- **Work to be completed**:
Please print nothing but the lines from the one containing "また、本学マスコットキャラク" to the final line below, exactly, and no pictures.

::: Recorded information :::

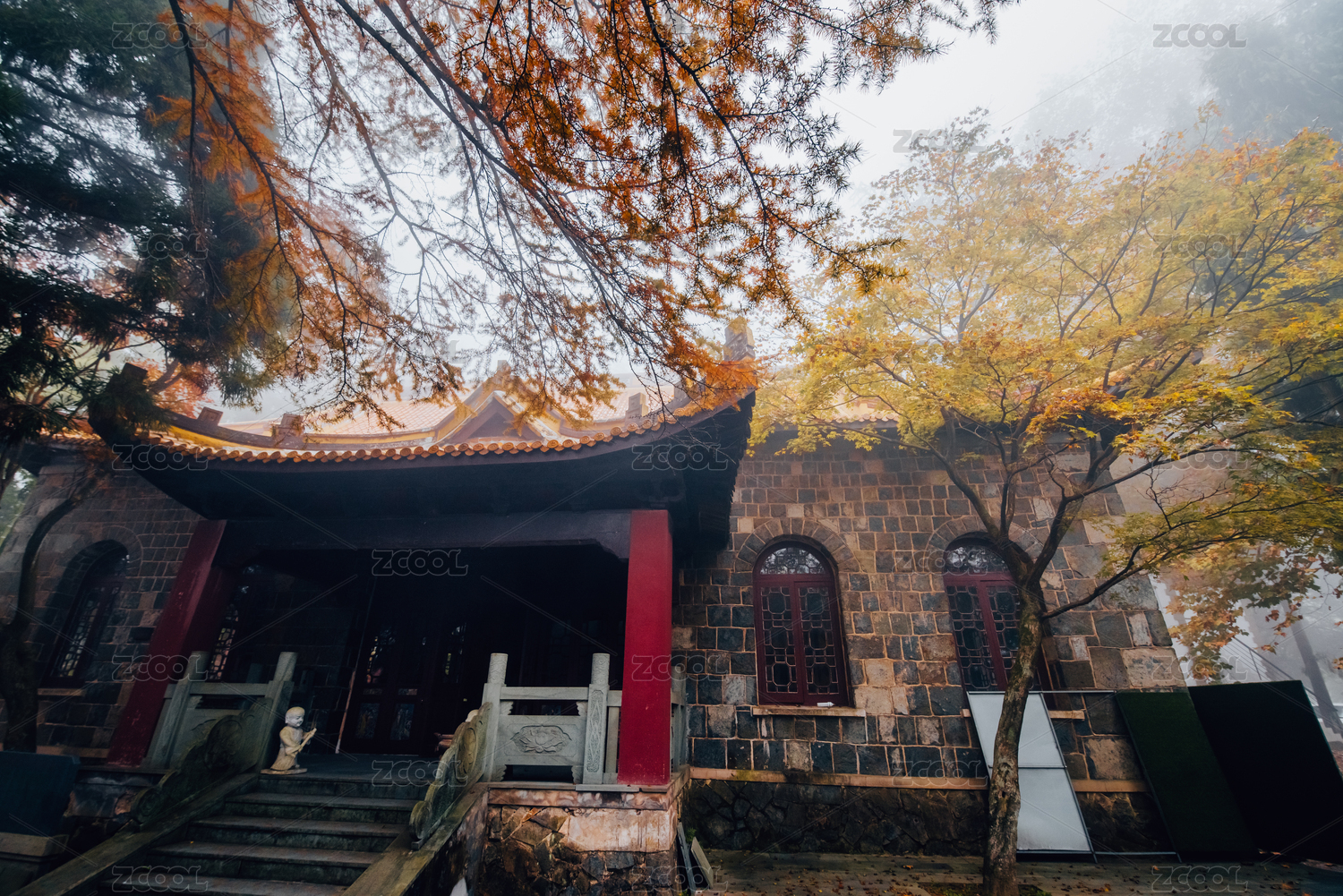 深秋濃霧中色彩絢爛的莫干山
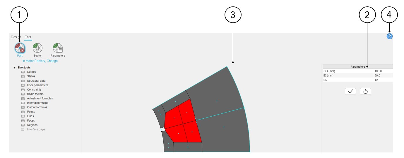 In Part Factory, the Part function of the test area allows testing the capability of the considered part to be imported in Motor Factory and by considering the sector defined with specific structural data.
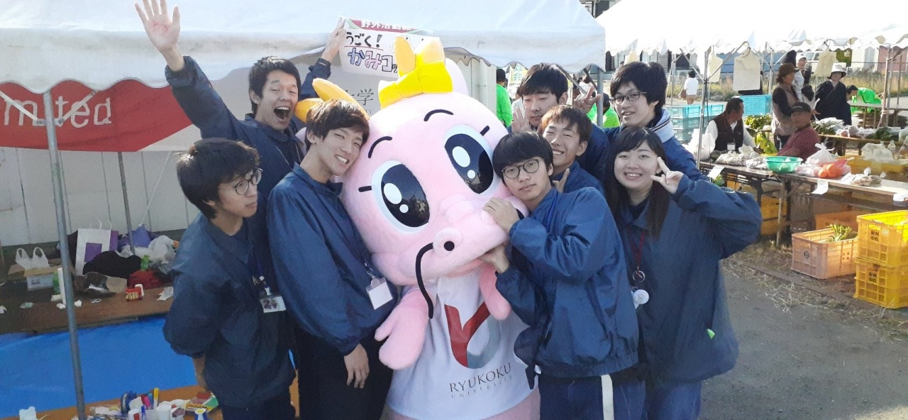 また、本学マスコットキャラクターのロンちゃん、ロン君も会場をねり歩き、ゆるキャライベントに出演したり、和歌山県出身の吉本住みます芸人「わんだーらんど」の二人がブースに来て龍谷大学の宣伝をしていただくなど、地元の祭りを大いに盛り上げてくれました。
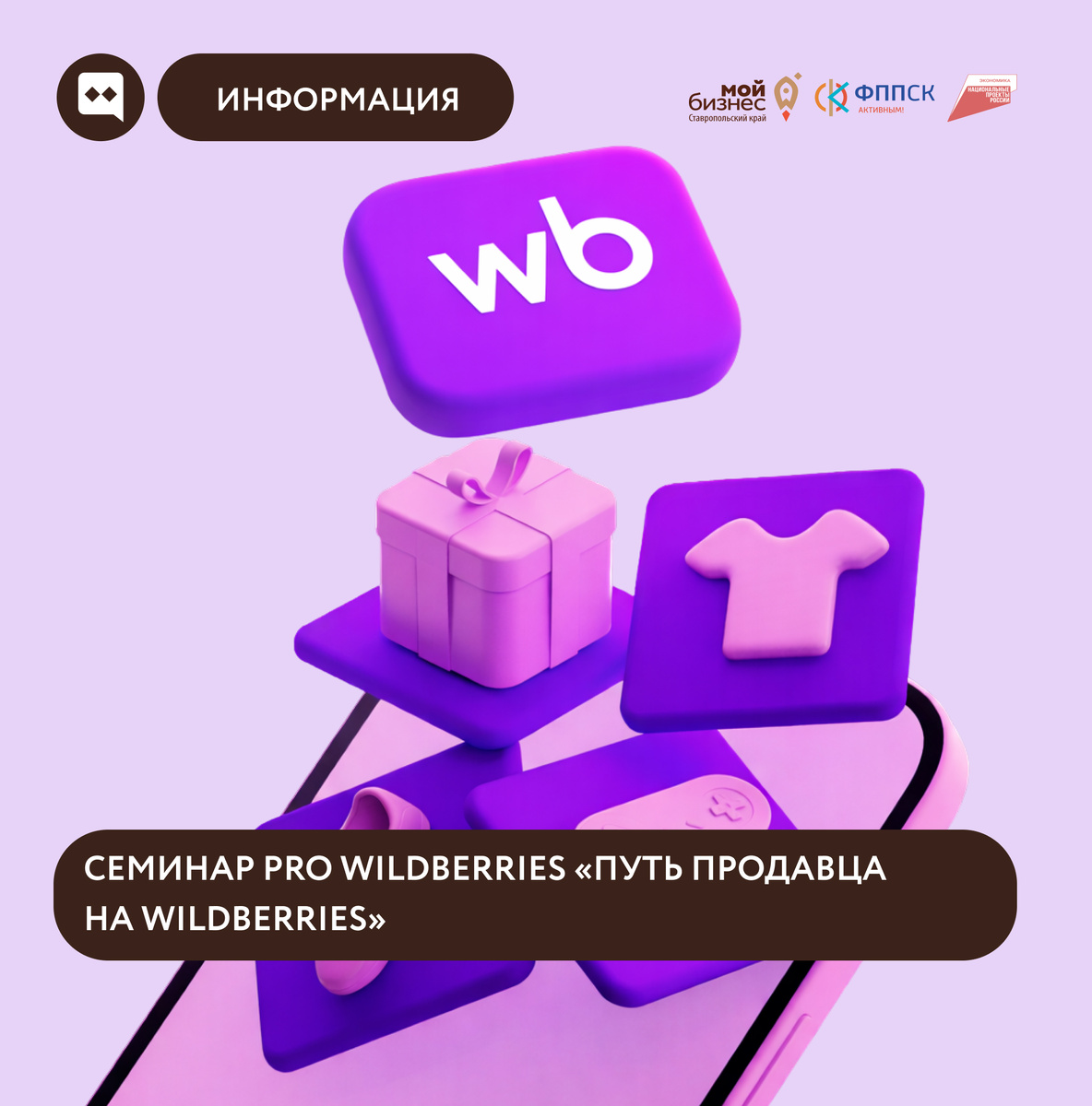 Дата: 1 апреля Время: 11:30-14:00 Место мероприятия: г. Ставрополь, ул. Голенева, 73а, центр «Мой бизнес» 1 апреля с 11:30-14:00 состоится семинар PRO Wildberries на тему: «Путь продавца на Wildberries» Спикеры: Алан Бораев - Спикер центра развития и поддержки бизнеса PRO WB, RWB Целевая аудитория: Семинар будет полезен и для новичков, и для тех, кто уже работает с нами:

:::

- **Worked solution**:
 また、本学マスコットキャラクターのロンちゃん、ロン君も会場をねり歩き、ゆるキャライベントに出演したり、和歌山県出身の吉本住みます芸人「わんだーらんど」の二人がブースに来て龍谷大学の宣伝をしていただくなど、地元の祭りを大いに盛り上げてくれました。
 Дата: 1 апреля Время: 11:30-14:00 Место мероприятия: г. Ставрополь, ул. Голенева, 73а, центр «Мой бизнес» 1 апреля с 11:30-14:00 состоится семинар PRO Wildberries на тему: «Путь продавца на Wildberries» Спикеры: Алан Бораев - Спикер центра развития и поддержки бизнеса PRO WB, RWB Целевая аудитория: Семинар будет полезен и для новичков, и для тех, кто уже работает с нами:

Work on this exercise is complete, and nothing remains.